Оливер не знал, почему он идет на знакомую с детства опушку. Сноволчица казалась ему сказкой, которую он от скуки превратил в реальность. Это все языческие байки, глупости, внушенные староверами — негоже академику в них верить. Может, оттого он и шел на опушку — разрушить детские сказки.
Остановившись у кромки леса, он остановился, задумчиво поправив полушубок, защищающий от пронизывающего осеннего ветра. Лес золотисто покачивался, измученно постанывая и дожидаясь баюкающей колыбели зимы. Где-то глухо вскрикнула птица и тут же умолкла.
— Вонючка?..
Оливер обернулся.
Конечно, Молл выросла. Исчезла девичья нескладность, уступив место женственной, горячей нежности. Она не была похожа на измученных корсетами и мышьяком городских дам. Округлые бедра, по которым струилась мягкая натуральная ткань накидки, дикая рыжая копна волос, бьющая по крепкой спине, хищный взгляд малахитовых глаз. Оливер стыдливо почувствовал, как дышит внутри пожар волнения.
— Оливер, Молл. Мое имя Оливер.
Молл расплылась в зубастой, широкой улыбке и кинулась вперед, увлекая его в объятия.
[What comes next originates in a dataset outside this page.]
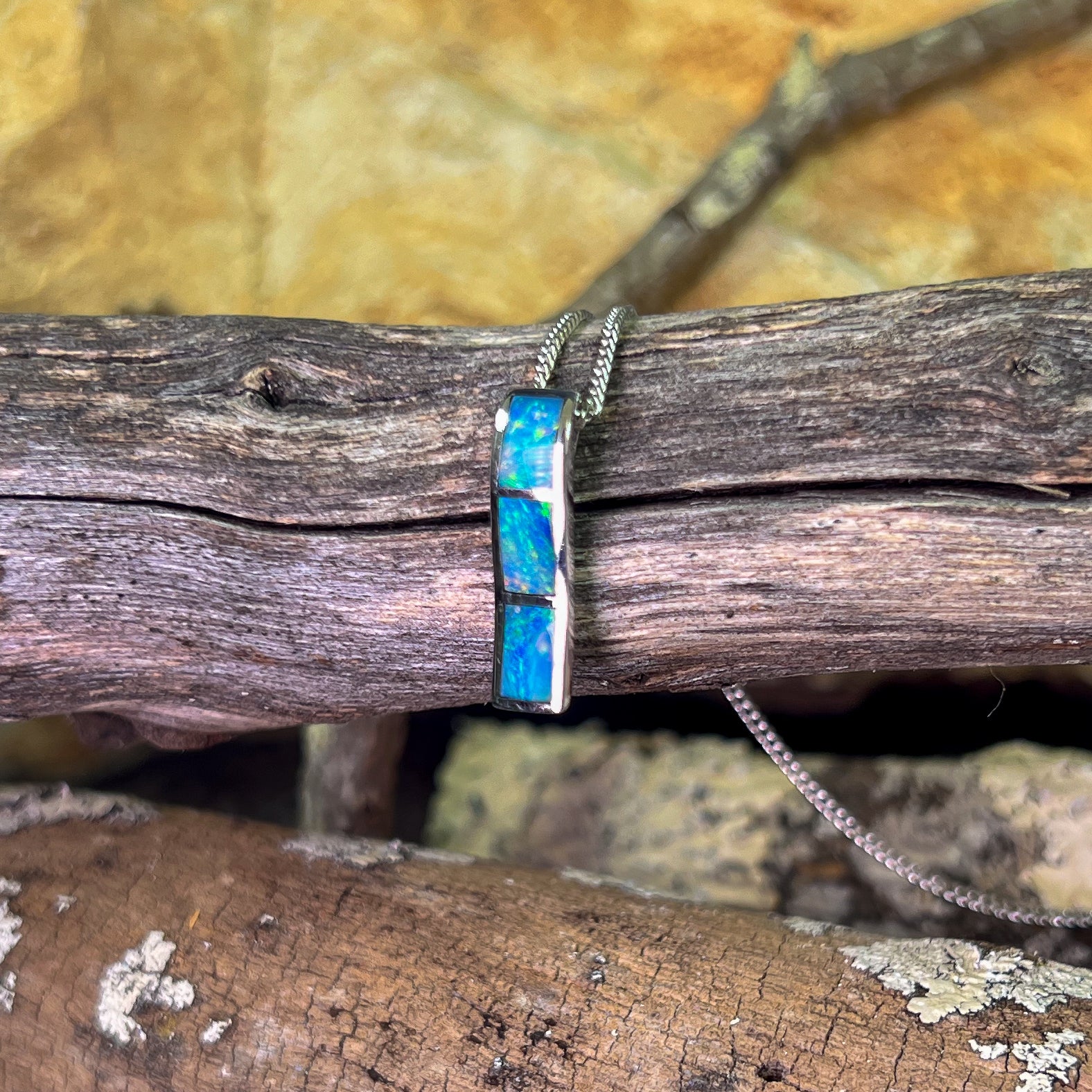 STERLING SILVER 4 OPAL INLAY BOX PENDANT

Она пахла можжевельником, мхом, небом и чем-то неуловимо свободным, как будто сам полет птицы вдохнул в нее свой запах. И сердце Оливера растаяло. Нежно он приобнял ее, поглаживая по спине.
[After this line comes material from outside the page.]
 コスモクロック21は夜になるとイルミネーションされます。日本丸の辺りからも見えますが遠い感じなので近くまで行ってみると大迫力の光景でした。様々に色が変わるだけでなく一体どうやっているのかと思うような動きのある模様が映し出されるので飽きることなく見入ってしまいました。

— Как я рада! Я так скучала, Оливер! Мне так много нужно тебе рассказать! Наконец ты вернулся от этих.. хритинян...
Внутри у Оливера что-то сжалось. Хритинян.
Залитые светом храмы, тяжелый слог молитвы, словно падающий с плахи, святой лик Богородицы, ее печальные, тяжелые, вечные глаза. Ладан, обжигающий пальцы, древние фолианты, и — порядок. Вечная гармония, вечная строгость и вечный баланс.
И все это, едва умещавшееся в душе Оливера из-за своего великолепия и мощи, девчонка назвала хритинянстом.
— Оливер?
Молл испуганно отпрянула. Что-то стальное впервые блеснуло в глазах друга. Что-то ледяное, обжигающее, пахнущее порохом и кровью, что-то жестокое. Что-то слишком человеческое.
— Христианство, Молл. И моя деревня скоро поймет его величие. По воле Творца весь мир должен узнать правильную веру. И ты тоже.
— Что? Оливер, — Молл встрепенулась и нахмурилась, уткнув руки в бока. — Ты бредишь? Или шутишь? Эта вера, по твоим же словам, утверждает, что ни меня, ни силы моего леса, ни величия духов...
— Велик только Творец, — сухо отрезал Оливер, вскидывая голову. — И на все воля Его.
Молл свела густые брови к переносице, и подняла ладонь. Та вспыхнула золотым сиянием, похожим на растопленное солнце, и это сияние сложилось в волчью лапу поверх руки сноволчицы.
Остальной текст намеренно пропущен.